Sie sah hoch in Richtung Apsis, wo sie irgendwo in der Dunkelheit die heilige Barbara vermutete. »Am Schlimmsten ist es, sie jedes Jahr wiederzusehen. Ich ertrage das nicht. Fili in Wachs. Was hat er sich nur dabei gedacht?«

Prozessionsfiguren waren teuer. Die Gemeinde hatte nicht lange gefackelt, als Zacharias das Angebot gemacht hatte, die Kosten für die Heiligengestalt zu übernehmen. Sie alle waren schockiert gewesen, als sie sie schließlich zum ersten Mal gesehen hatten. Mittlerweile hatten sie sich an den Anblick gewöhnt. Noch ein paar Jahre, noch ein, zwei Generationen, und keiner würde sich mehr erinnern, wer das kleine, bleiche Mädchen gewesen war.

»Es ist die heilige Barbara.«

»Es ist Fili!
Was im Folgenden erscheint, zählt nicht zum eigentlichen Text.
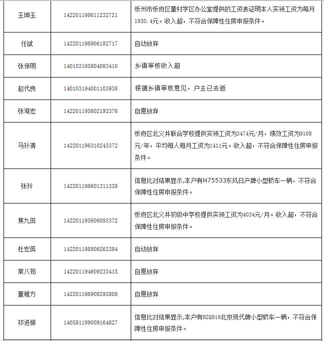 2014年申報公(廉)租房不符合保障條件花名表

Und es ist ein Albtraum! Hört das denn nie auf? Ich kann nicht mehr. Alles geht den Bach runter. Der Hirsch ist pleite. Zach sitzt nur noch da. Und alle Jubeljahre kommt die Sippschaft aus England mit den tollen Autos vorgefahren und reibt uns unter die Nase, was wir alles falsch machen. Und Sie – Sie sagen mir jahraus, jahrein, das ist alles nicht so tragisch, das wird schon wieder, das muss man jetzt alles endlich mal vergessen … Ich vergesse nichts. Gar nichts.«

Die letzten Worte hallten in der Kirche wieder und sie klangen wie eine Drohung.
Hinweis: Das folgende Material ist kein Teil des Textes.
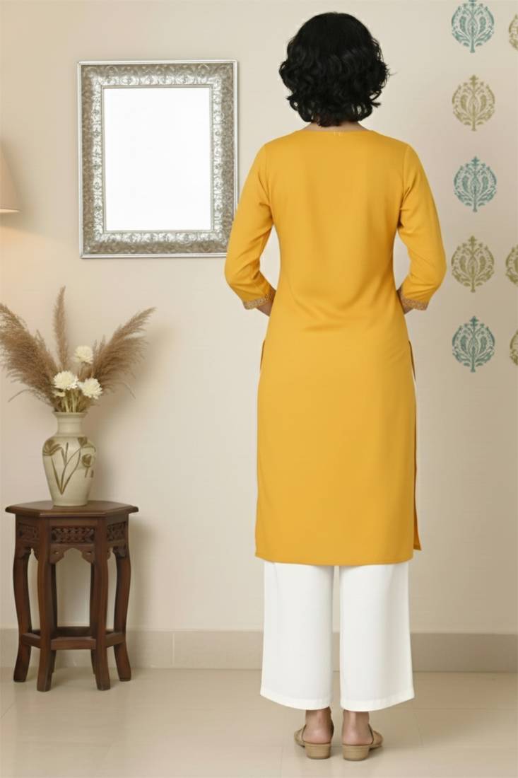 | Product Name | Yellow Embroidered Rayon Kurta Palazzo | |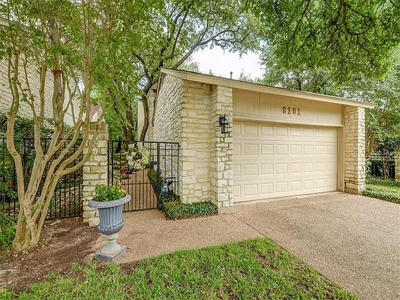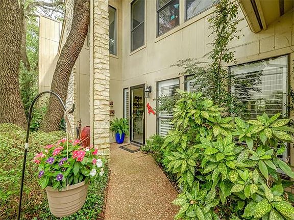 Free standing town home with gorgeous courtyard entry,towering trees leading to peaceful gardens & deck creating a beautiful view from the living area & downstairs master suite. High ceilings, flooded w/ natural light, 2nd living/den up & loft. Plantation shutters,crown molding, spacious kitchen, granite counters, stainless appliances, breakfast area in addition to formal area for dining,laundry room & abundance of storage. Recent counter & wallpaper in powder room. Loaded with charm & pride of ownership!!! Located in popular Northwest Hills neighborhood!!!
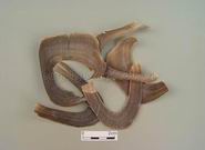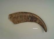 本品呈稍扁平而弯曲的锥形,长短不一。表面棕黑色或灰黑色,一侧有数条横向的沟槽,另一侧有密集的横向凹陷条纹。上部渐尖,有纵纹,基部略呈三角形,中空。角质,坚硬。气微腥,味淡。
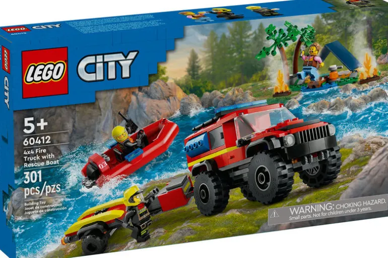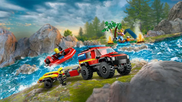 - Toy rescue vehicles playset – Double up the excitement with a fun combo of toy off-road fire rescue vehicles with this LEGO® City 4×4 Fire Truck with Rescue Boat for ages 5 plus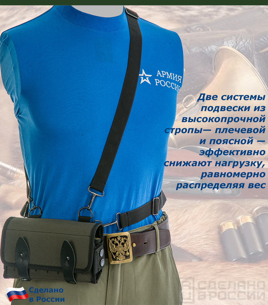 Патронташ позволяет загрузить патроны, снаряженные в гильзы длиной от 70 мм., а при использовании как открытого патронташа до 89 мм. Ношение тактического подсумка для патронов в режиме открытого патронташа, позволяет быстро производить смену патронов.

»Ich will weg. Ich mache reinen Tisch und gehe. Es ist mir egal, was Sie sagen. Egal! All der Scheiß von Vergessen und Vergeben. Damit alle hier weitermachen können, als wäre nichts geschehen? Ohne mich.«

Sie wollte aufstehen, aber Gero legte ihr die Hand auf die Schulter und zwang sie, sitzen zu bleiben. Die Kerze stand näher bei ihm als bei ihr. Er konnte die Angst in ihren Augen sehen.

»Tu es nicht.«

Sie biss sich auf die Lippen. In diesen aufgeschwemmten Zügen, diesem von Enttäuschung, Leid und Egoismus geprägten Gesicht blitzte mit einem Mal Entschlossenheit auf.

»Tu ich doch. Sie werden mich nicht abhalten.«

Gero ließ die Hand sinken. Er sah zu Boden. Vergib mir, Herr, dachte er, vergib mir. Trixi stand auf und musste, wenn sie nicht über ihn hinübersteigen wollte, durch die ganze lange Bankreihe auf die andere Seite gehen, um die Kirche zu verlassen. Plötzlich wusste er, was zu tun war. Er holte tief Luft und blies mit einem einzigen kurzen Atemstoß die Kerze aus.